Backwoods Savage said:


> They don't last long around here. Do too much digging damage besides the eat the wrong things... Either trapping or shooting works well. We don't use iive traps though. Trouble with live traps is that most animals will just come back to their home range anyway so it isn't worth the time in most situations.
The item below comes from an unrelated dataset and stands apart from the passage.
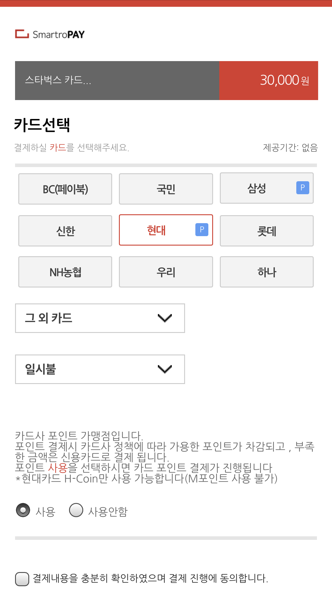 현대카드가 있으신 분들은 여기서 또 한 번의 혜택이 있는데, 바로 현대카드의 H-Coin으로 스타벅스 카드를 충전할 수 있다는 사실입니다.

 Not if I let it free in my friend's garage while he is away at work 

I will see what happens in the next couple of days. My buddy said he will come shoot it for me (he has like 15 guns..) since I don't have a license. Nice of him! It sat in my backyard and ate grass/leave most of the evening. They have quite the hearing ability though!! He could hear me washing dishes at the kitchen sink!


----------



## btuser

Groundhogs are cute.

When they're dead.


----------



## JustWood

Had one close to the house one summer 5 or 6 years ago. Never did anything about him as I was working long hours. One Friday I finished up work early and was gonna head into town in my Camaro. Wouldn't start so I popped the hood and Mr Woodchuck was snacking on some wires. Got a stick and prodded him out. Bastage headed for my pickup and you guessed it,,,, pickup wouldn't start. By the time the carnage was over that phuqer cost me $1400 in wiring and coil packs !
Woodchucks no longer have a shelf life of more than 3 or 4 sightings after the first on my property


----------



## blades

One was in my garage, scared the the beejeezes out of my 6 year old daughter at the time ( it was a bit funny but also a bit dangerous as it was cornered).  Air rifle made short work of it. They can mess a dog up real bad if the pup doesn't know how to handle them. They will protect their den to the enth degree.  Where I reside ( wisconsin, usa)  the touchy feelly groups got them protected, I have no idea what the rational for that was. any chucks on my place are dispatched asap do not give a damn about the state. They were vermin when I was on the farm still are.


----------



## Swedishchef

An air riffle will take care of one of those? They are pretty big for an air riffle, no??

Andrew


----------



## Badfish740

Swedishchef said:


> An air riffle will take care of one of those? They are pretty big for an air riffle, no??


 
A good .177 caliber air rifle would do the job with a well placed (head) shot.  They make .22 air rifles as well.


----------



## Ashful

Adios Pantalones said:


> They are no bother, unless you have a garden. They can tunnel under things, but are unlikely to destabilize a foundation or anything.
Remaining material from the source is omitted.